The second focus area is digitalisation. Today, I am confident we are at the head of the market but the pace of digitalisation will grow five-fold in the future, so we have to accelerate our efforts. Great strides have been made, for example farmers in Dak Lak have started using handheld devices to measure the quality of the soil, while buyers are starting to track where the coffee is coming from using technology – all with support from Nestlé Vietnam.
Moreover, just in the past six months our factories have developed 34 different apps to automate processes that were previously done manually, collecting vast amounts of data that is available across our operations.
The third focus area is sustainability. We are here to enhance the lives of Vietnamese people, and this includes making sure that none of the packaging we use today end up on the landfill or in the oceans.
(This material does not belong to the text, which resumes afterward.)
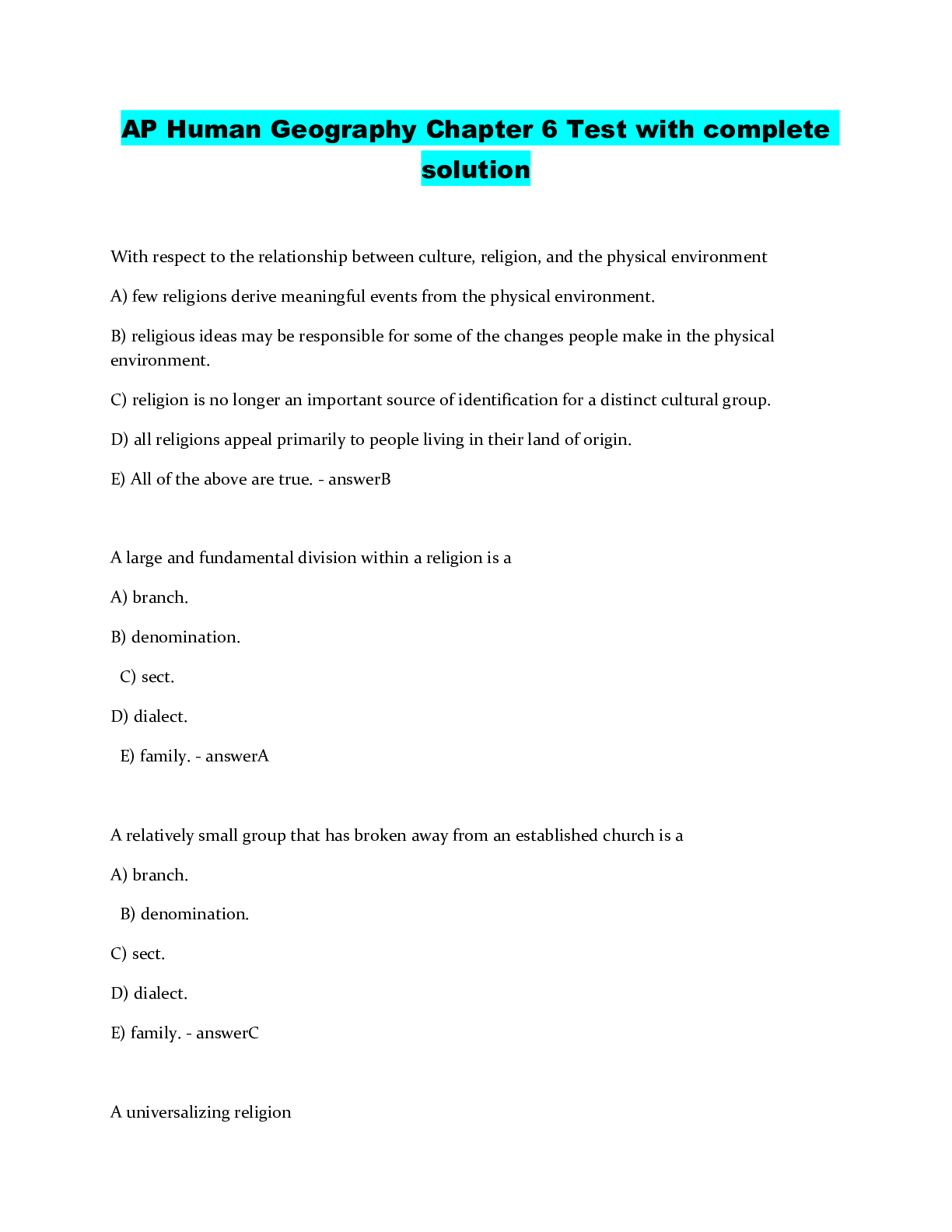 AP HUMAN GEOGRAPHY CHAPTER 1,2,3,4,5,6,7,8 BUNDELED EXAMS WITH COMPLETE SOLUTION...

Today we are part of the problem, but we are working hard to become part of the solution.
Around 20 per cent of my time is now spent on our sustainability agenda, to harmonise efforts towards our ambitious goal that by 2025, we will take back all the plastic packaging we use by tying up with waste management companies and other relevant partners and stakeholders.
We will be the first company to eliminate the use of plastic straws when next month we move 100 per cent to sustainable-sourced paper straws for our Milo products.
We are also working to create actual demand for the collection of orphan plastics, setting off reuse and recycling efforts and kick-starting a circular economy. Nestlé is looking to lead the way as the co-chairs of the Vietnam Business Council for Sustainable Development and Packaging Recycling Organization Vietnam, leading the way and inspiring others to follow.
In 2020, Nestlé Vietnam has seen an impressive 20 per cent on-year growth in exports with strong acceleration in the Culinary product line complementing traditionally strong coffee performance.
The main driver of this growth was MAGGI, an indispensable brand from any Vietnamese kitchen across the globe, such as naturally-fermented MAGGI Soya Sauce, MAGGIA oyster sauce made from genuine oyster extract and MAGGI Bouillon.
The companies best-known products have made inroads to markets with the most stringent quality requirements such as the US, Japan, Australia, and South Korea. Meanwhile, new products cooked up in Nestlé Vietnam factories exclusively for export markets, such as the all-in-one cooking sauce for Thailand and the MAGGI Supreme Sarap cooking sauce for the Philippines, have also gained remarkable success at their target markets.
Providing a solid base to up-and-coming product lines, Nestlé Vietnam has long been the largest buyer and exporter of coffee in Vietnam. Each year, Nestlé Group purchases 20-25 per cent of Vietnam’s coffee output with an average total value of $600-700 million. Locally, all of Nestlé Vietnam’s NESCAFÉ products are made from 100% high-quality Vietnamese coffee beans and are enjoyed domestically and are exported to 25 markets for the love and joy of consumers around the world.
Rising export orders, as well as a demonstrated ability to zero-in on local tastes in foreign markets, are elevating Nestlé Vietnam’s status in the global Nestlé Group as a sourcing and export hub.